The ship Josef’s family is on is hit by a torpedo and Lenka’s sees the list of those lost in the newspaper that mistakenly lists Josef’s entire family when Josef is alive and makes it to the United States. 
 
Lenka goes with her family to a Nazi ghetto of Terezin and eventually to Auschwitz.  After the war she is listed among those believed dead. 

The following is not a spoiler as it is told in the very first pages of the book.  They meet again at the marriage of Josef’s grandson and Lenka’s granddaughter.  The story of the book is the voyage both of their lives take in believing that their ‘one true love’ is dead.

The part of the book concerning the Holocaust was fascinating to me as it told stories I had not heard before. Lenka is an artist and she actually works as an artist in the camps.
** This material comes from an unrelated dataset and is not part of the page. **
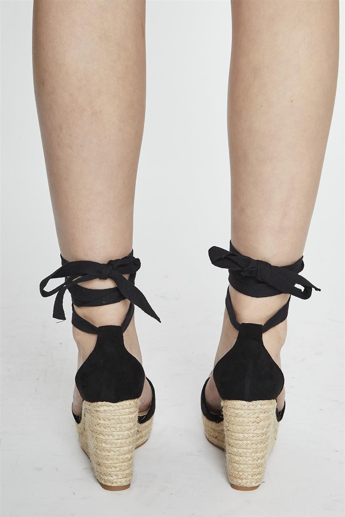 Black Lace Up Espadrille Wedges
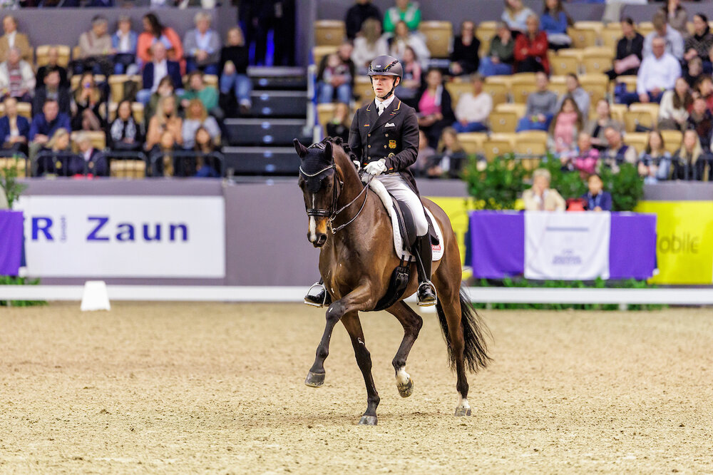 Und was soll man sagen, es hätte auch für ein paar Plätze weiter vorn gereicht. Denn an der Spitze wurde es wahrlich eng. Nur 7,5 Punkte treten die ersten vier Paare. „Es war nicht einfach heute einen Sieger zu finden,” beschrieb Chefrichter Henning Lehrmann die knappe Entscheidung zwischen den ersten vier Paaren. „Insgesamt hatten wir viele gute Teilnehmer, und es war ein solides Niveau. Das kann man an den Ergebnissen sehen. Es war nicht so einfach, einen klaren Spitzenreiter zu finden, weil jeder einen anderen Sieger hatte. Aber wenn man viele Reiter hat, die um die 73% liegen, dann ist der Standard natürlich gut“, erläuterte Lehrmann. Am Ende setzte sich die Holländerin Emmelie Scholtens mit Indian Rock (73,4 Prozent) durch. Der Apache-Sohn beeindruckte durch aufwändiges Abfußen und hohe Fähigkeit zur Lastaufnahme, womit er in den Pirouetten punkten konnte. Zu den weiteren Highlights zählten die gut nach vorne gesprungenen Serienwechsel. In den Piaffen schiebt sich der Hengst teilweise zu sehr zusammen, wodurch ein gleichmäßiges Abfußen nicht immer erhalten werden kann. Knapp geschlagen und dennoch mit einem neuen Personal Best zeigte sich die Belgierin Larissa Pauluis, die sich im Sattel von Flambeau über Platz zwei freuen durfte. Matthias Alexander Rath wurde mit Destacado bester Deutscher und reihte sich mit 73,2 Prozent auf Platz drei vor Patrik Kittel mit Forever Young (73,1 Prozent ein.

I loved this book! I will admit that I am a fan of anything concerning the Jewish people; this book captured me and took me along with it.  I devoured the book.

5 stars (Rated PG-13 for mild sex talk and Holocaust horrors)

The Bride's House Sandra Dallas

Another winner by Ms. Dallas!  This was a little different than her usual as it spans three generations of women from the same family.  Nealie  Bent is a young girl who ran away from her mean, abusive father and ends up working in a boardinghouse in the mining town of  Greenwood, Colorado.  She attracts two very different men.  Will Spaulding, the rich, well-bred young man whose grandfather owns the mine and Charlie Dumas, a coarse, large, lumbering miner.  On her dates with Will, they watch the building of a large, beautiful home being built.  Nealie decides it is so exquisite it can only be for a bride, thus the name of “The Brides House”.  Nealie dreams of living in the house with Will, but life doesn’t always go as planned.

For Pearl, living in the Brides House is akin to living in a mausoleum, as her father had made it into a shrine to the woman he loved, not allowing and changes to the house or their lives.  When the enterprising Frank Curry comes into her life and asks for her hand in marriage, her father sabotages the union. 

Susan is the latest in the line of strong, willful women.  Will the secrets buried in the Brides House help her or keep her from the man that she loves.

It’s a gripping story.  A blurb on the front of the book states, “Putting down a Sandra Dallas novel is nearly impossible.”  I totally agree. I stayed up way too late at night reading this book.  The only complaint I have is that the first section about Nealie ended too soon, but then again, maybe that was on purpose…..hmmm??